- Assignment -
Below are the records; repeat exactly their lines between the line holding "rgba(255,255,255,1) Auguste RodinFemme" and the line holding "以前爲了防傢俱落灰,家裏到處都要頂一塊蕾絲布蓋頭。", inclusive, skipping the pictures.

- Data to process -
———

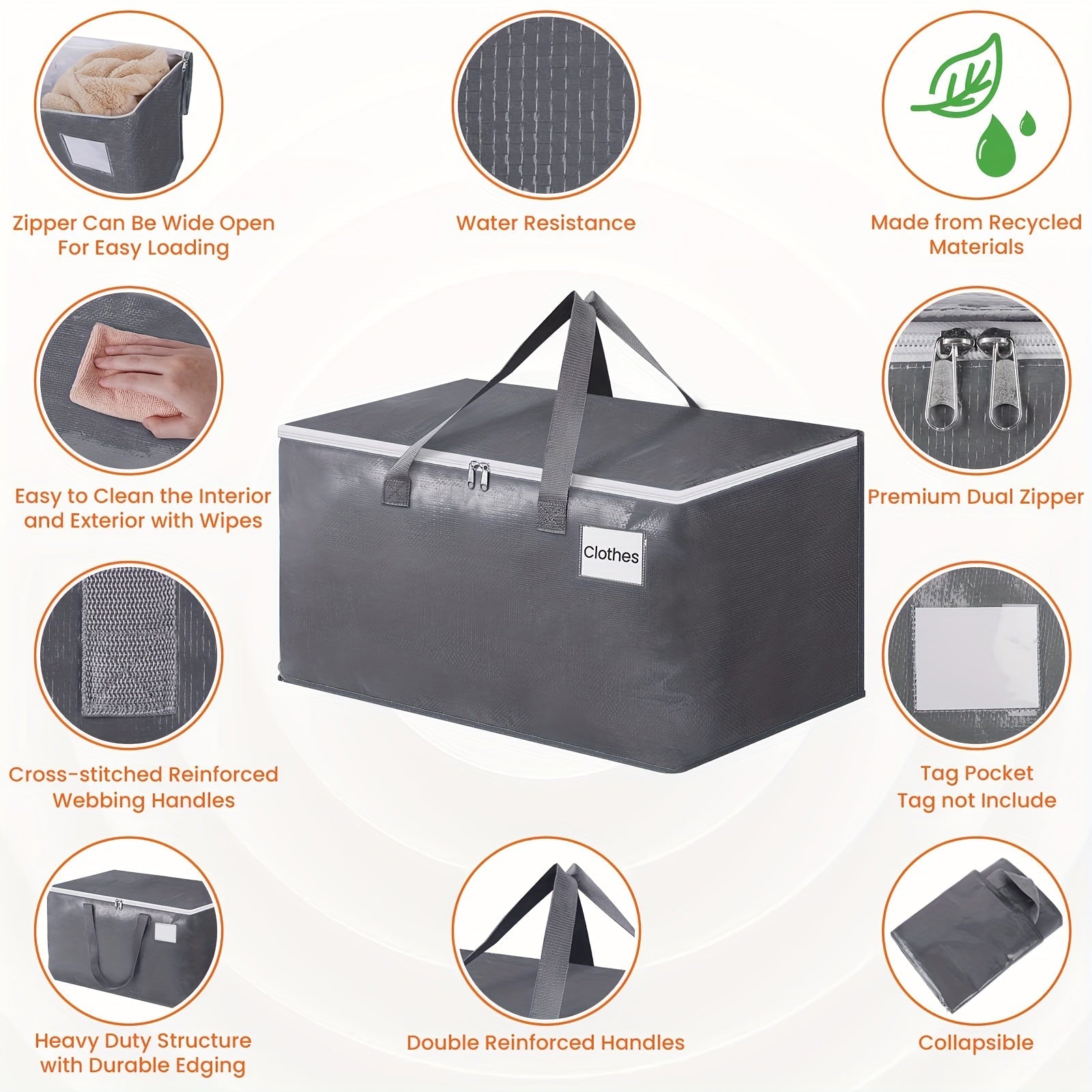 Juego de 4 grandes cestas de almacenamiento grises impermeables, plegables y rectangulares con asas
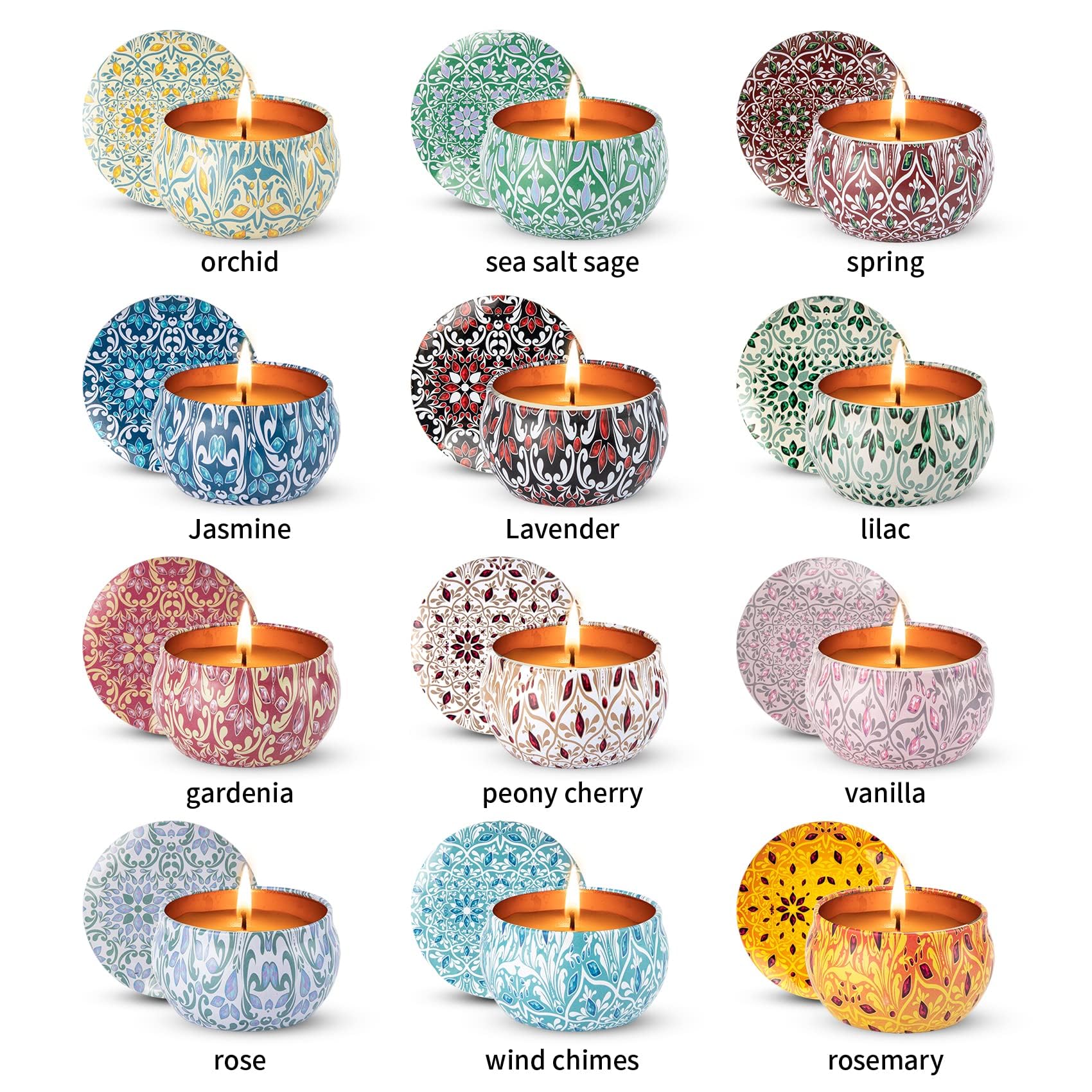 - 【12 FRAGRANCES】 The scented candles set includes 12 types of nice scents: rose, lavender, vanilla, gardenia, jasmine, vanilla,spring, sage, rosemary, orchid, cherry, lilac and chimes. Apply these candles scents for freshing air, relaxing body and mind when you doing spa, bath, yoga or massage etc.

———

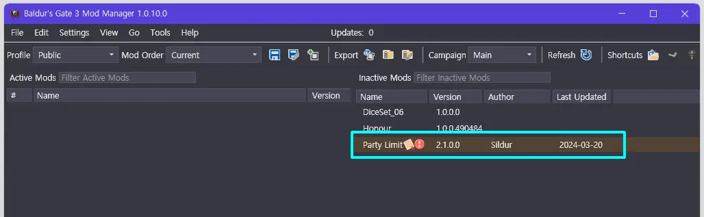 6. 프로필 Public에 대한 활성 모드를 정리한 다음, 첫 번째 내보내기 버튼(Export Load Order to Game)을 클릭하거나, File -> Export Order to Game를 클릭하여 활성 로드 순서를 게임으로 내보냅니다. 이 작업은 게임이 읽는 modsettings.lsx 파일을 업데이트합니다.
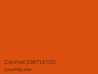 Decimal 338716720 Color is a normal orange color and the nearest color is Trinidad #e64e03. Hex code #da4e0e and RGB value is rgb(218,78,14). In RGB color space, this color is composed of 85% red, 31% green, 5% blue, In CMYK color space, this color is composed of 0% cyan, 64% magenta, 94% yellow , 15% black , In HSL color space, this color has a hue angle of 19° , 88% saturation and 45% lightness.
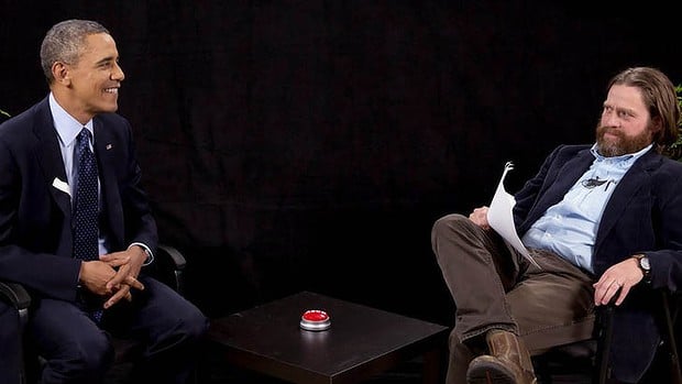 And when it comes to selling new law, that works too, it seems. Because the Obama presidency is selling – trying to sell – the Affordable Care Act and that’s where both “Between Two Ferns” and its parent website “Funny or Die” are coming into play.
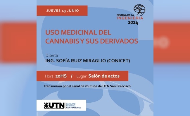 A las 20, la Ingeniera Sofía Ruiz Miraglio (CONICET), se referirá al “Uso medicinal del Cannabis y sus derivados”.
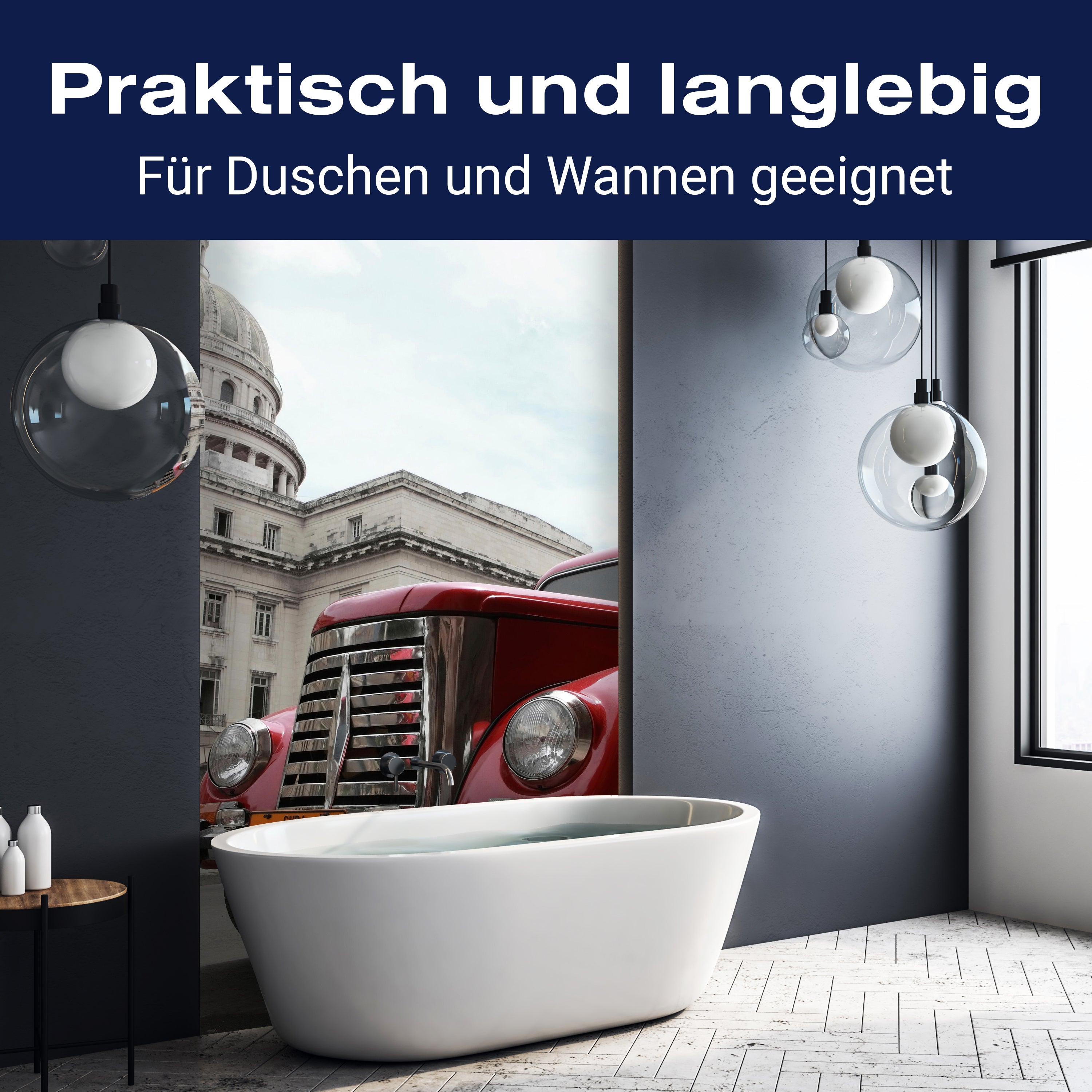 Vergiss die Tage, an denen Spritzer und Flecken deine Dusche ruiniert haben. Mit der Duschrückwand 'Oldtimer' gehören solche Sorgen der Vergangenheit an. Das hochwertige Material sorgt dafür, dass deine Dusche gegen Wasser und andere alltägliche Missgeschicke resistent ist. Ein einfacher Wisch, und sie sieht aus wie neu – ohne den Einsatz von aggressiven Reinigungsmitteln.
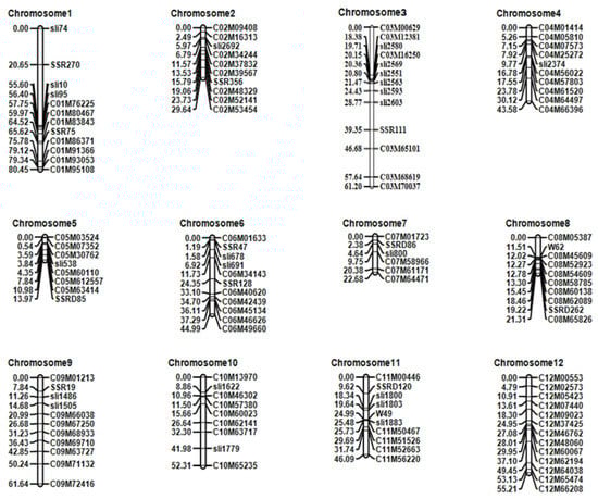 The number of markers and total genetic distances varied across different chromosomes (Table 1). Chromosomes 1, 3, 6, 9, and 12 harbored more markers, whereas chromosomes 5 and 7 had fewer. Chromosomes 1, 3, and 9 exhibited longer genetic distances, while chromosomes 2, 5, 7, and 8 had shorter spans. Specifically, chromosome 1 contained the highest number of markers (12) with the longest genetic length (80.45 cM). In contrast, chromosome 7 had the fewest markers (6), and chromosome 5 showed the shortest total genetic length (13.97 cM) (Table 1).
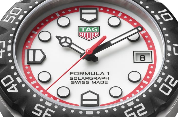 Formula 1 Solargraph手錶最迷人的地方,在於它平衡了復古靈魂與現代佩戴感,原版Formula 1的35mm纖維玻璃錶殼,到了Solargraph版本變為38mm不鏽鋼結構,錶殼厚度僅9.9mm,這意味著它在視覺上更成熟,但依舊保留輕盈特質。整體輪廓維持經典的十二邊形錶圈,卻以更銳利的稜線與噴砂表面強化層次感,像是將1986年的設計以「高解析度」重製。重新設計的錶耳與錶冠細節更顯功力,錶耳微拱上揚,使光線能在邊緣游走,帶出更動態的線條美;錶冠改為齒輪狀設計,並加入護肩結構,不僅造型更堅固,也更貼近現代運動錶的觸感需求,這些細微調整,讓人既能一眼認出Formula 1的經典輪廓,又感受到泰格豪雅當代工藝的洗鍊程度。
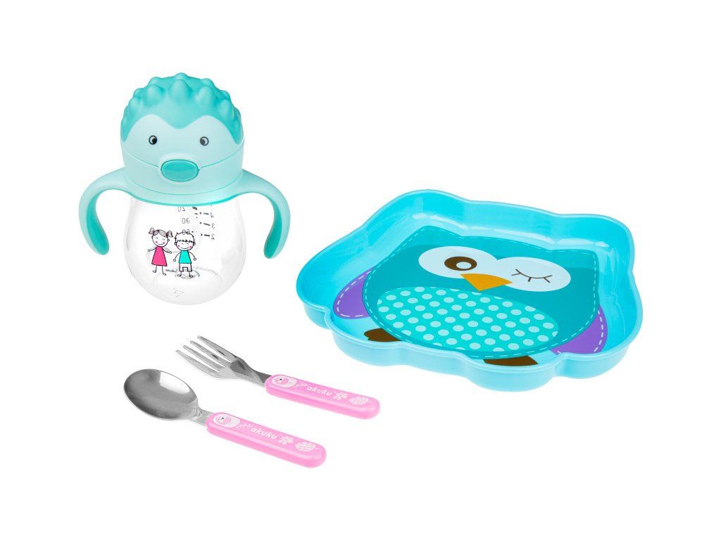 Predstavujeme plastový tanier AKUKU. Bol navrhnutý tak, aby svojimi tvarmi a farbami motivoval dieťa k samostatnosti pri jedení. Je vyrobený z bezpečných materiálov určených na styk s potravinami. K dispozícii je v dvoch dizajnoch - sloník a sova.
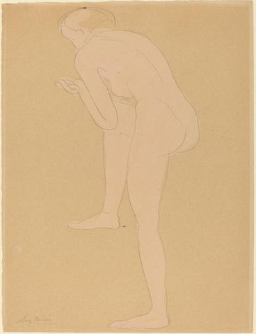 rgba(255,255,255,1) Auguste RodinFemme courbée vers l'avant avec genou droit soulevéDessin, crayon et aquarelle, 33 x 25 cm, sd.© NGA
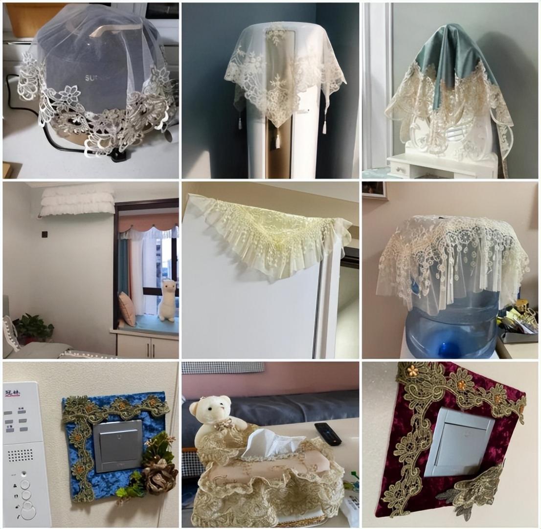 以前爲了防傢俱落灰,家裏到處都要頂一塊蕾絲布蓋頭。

———

- Exercise response -
 rgba(255,255,255,1) Auguste RodinFemme courbée vers l'avant avec genou droit soulevéDessin, crayon et aquarelle, 33 x 25 cm, sd.© NGA
 以前爲了防傢俱落灰,家裏到處都要頂一塊蕾絲布蓋頭。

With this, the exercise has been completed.